Task to carry out -
Gather, from the data below, each line in which the word "Cotton" occurs.

Data for processing -
◆ ◆ ◆

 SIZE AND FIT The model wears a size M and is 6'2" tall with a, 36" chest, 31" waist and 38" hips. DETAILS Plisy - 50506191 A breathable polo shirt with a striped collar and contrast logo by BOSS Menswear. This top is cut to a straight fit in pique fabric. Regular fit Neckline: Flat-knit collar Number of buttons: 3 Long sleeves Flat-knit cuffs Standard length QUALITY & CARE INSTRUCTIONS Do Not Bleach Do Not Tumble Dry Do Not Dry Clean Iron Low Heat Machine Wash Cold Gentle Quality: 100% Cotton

◆ ◆ ◆

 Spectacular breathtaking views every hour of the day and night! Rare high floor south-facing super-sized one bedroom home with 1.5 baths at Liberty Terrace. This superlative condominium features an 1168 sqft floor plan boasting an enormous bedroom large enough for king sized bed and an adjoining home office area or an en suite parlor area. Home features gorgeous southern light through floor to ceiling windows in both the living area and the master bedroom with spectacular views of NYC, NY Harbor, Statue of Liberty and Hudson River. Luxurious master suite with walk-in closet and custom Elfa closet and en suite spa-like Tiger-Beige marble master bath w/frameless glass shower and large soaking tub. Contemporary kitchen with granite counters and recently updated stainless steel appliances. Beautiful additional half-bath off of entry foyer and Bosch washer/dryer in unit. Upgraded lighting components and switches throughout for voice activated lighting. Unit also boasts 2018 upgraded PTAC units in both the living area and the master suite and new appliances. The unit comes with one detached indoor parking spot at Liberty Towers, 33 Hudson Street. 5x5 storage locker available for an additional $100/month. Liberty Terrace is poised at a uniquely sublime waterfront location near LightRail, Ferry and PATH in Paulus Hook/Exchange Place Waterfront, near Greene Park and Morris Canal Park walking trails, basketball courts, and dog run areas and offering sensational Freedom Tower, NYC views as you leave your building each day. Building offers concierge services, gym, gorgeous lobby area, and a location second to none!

◆ ◆ ◆

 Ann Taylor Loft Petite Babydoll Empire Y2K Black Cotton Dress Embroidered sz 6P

◆ ◆ ◆

Reply -
 SIZE AND FIT The model wears a size M and is 6'2" tall with a, 36" chest, 31" waist and 38" hips. DETAILS Plisy - 50506191 A breathable polo shirt with a striped collar and contrast logo by BOSS Menswear. This top is cut to a straight fit in pique fabric. Regular fit Neckline: Flat-knit collar Number of buttons: 3 Long sleeves Flat-knit cuffs Standard length QUALITY & CARE INSTRUCTIONS Do Not Bleach Do Not Tumble Dry Do Not Dry Clean Iron Low Heat Machine Wash Cold Gentle Quality: 100% Cotton
 Ann Taylor Loft Petite Babydoll Empire Y2K Black Cotton Dress Embroidered sz 6P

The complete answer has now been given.